A computer data storage tool comprising a correspondence module (40) connected to storage units (38), said correspondence module (40) being arranged to determine a correspondence between virtual addresses and physical addresses on the units storage, each virtual address being assigned to at least two storage addresses, characterized in that the correspondence module maintains a first table comprising data for identification of failed storage units, as well as a second table comprising virtual address block modification data, the computer tool further comprising a recovery unit (406) arranged, upon recovery of a failed storage unit, to update the storage addresses of that storage unit; storage by calling the matching module with virtual addresses from the second table, based on data from the first able.

2. Computer tool according to claim 1, characterized in that the correspondence module is arranged, during a failure of a storage unit, for storing in the first table an index for this storage unit, said index being defined to indicate the posteriority of this failure compared to the failures already indicated in the first table.

3. Computer tool according to claim 2, characterized in that the correspondence module is arranged, at the modification of a virtual address, to store in the second table an index for the block of virtual addresses to which this address belongs, said index being defined to indicate the posteriority with respect to the most recent failure indicated in the first table.

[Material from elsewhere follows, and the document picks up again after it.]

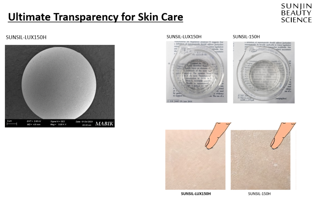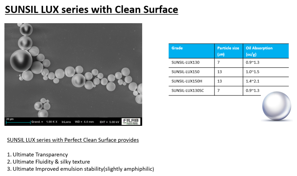 선진뷰티사이언스의 프리미엄 실리카, LUX Series는 매끄러운 표면을 지니고 있어 구현할 수 있는 투명함과 사용감이 가장 큰 특징입니다. 이러한 특징들은 고객의 니즈를 다방면으로 충족할 수 있어 2022년 출시 이후 꾸준히 사랑 받고 있는 제품입니다.

4. Computer tool according to claim 3, characterized in that the cover unit is arranged, at the recovery of a storage unit, for update the storage addresses of this storage unit that correspond in the correspondence module to virtual addresses that belong to virtual address blocks whose index in the second table indicates a posteriority with respect to the index of the storage unit restored to the first table.

5. Computer tool according to one of the preceding claims, characterized in that the correspondence module is arranged, during a failure of a storage unit, for storing in the first table an index for this storage unit, said index being defined higher than the indices already defined in the first table.

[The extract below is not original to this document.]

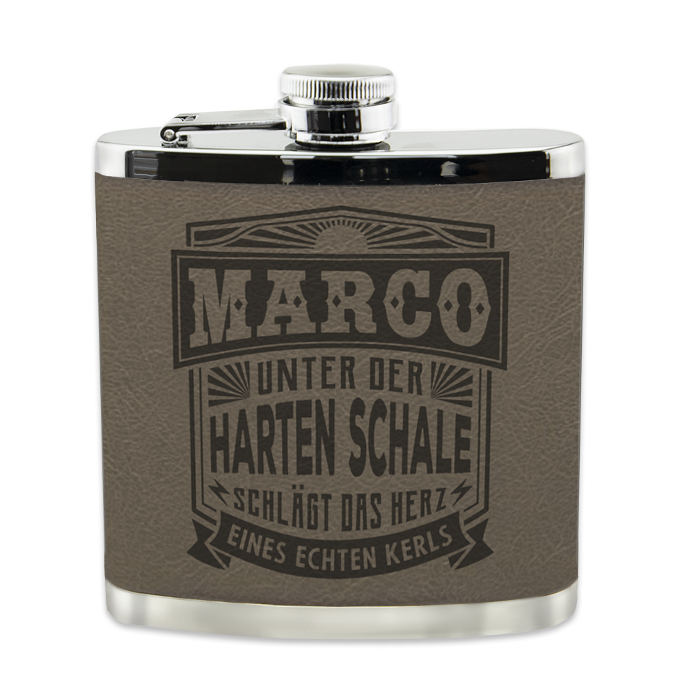 Der personalisierte Flachmann passt dank seiner maskulinen Aufmachung perfekt in die Taschen eines jeden Mannes. Ganz gleich ob Ehemann, Freund, Vater, Bruder, Kollege oder Cousin – diese praktischen Flachmänner sind eine originelle Geschenkidee, die dem Beschenkten nicht nur Freude macht, sondern auch einen funktionalen Mehrwert bietet.

6. Computer tool according to claim 5, characterized in that the correspondence module is arranged, at the modification of a virtual address, to store in the second table an index for the block of virtual addresses to which this address belongs, said index being defined equal to the maximum of the indices defined in the first table during the modification.

7. Computer tool according to claims 6, characterized in that the recovery unit is arranged, at the recovery of a storage unit, to update the storage addresses of this storage unit that correspond in the correspondence module. virtual addresses that belong to virtual address blocks whose index in the second table is greater than or equal to the index of the storage unit restored in the first table.

8. Computer tool according to claim 7, characterized in that the correspondence module is arranged, when the recovery unit has updated the storage addresses of a re-established storage unit, to update the first table by erasing the index corresponding to the reestablished storage unit, and to update the second table by defining the indices of the second table which are greater than the maximum of the indices defined in the first table updated as equal to this maximum.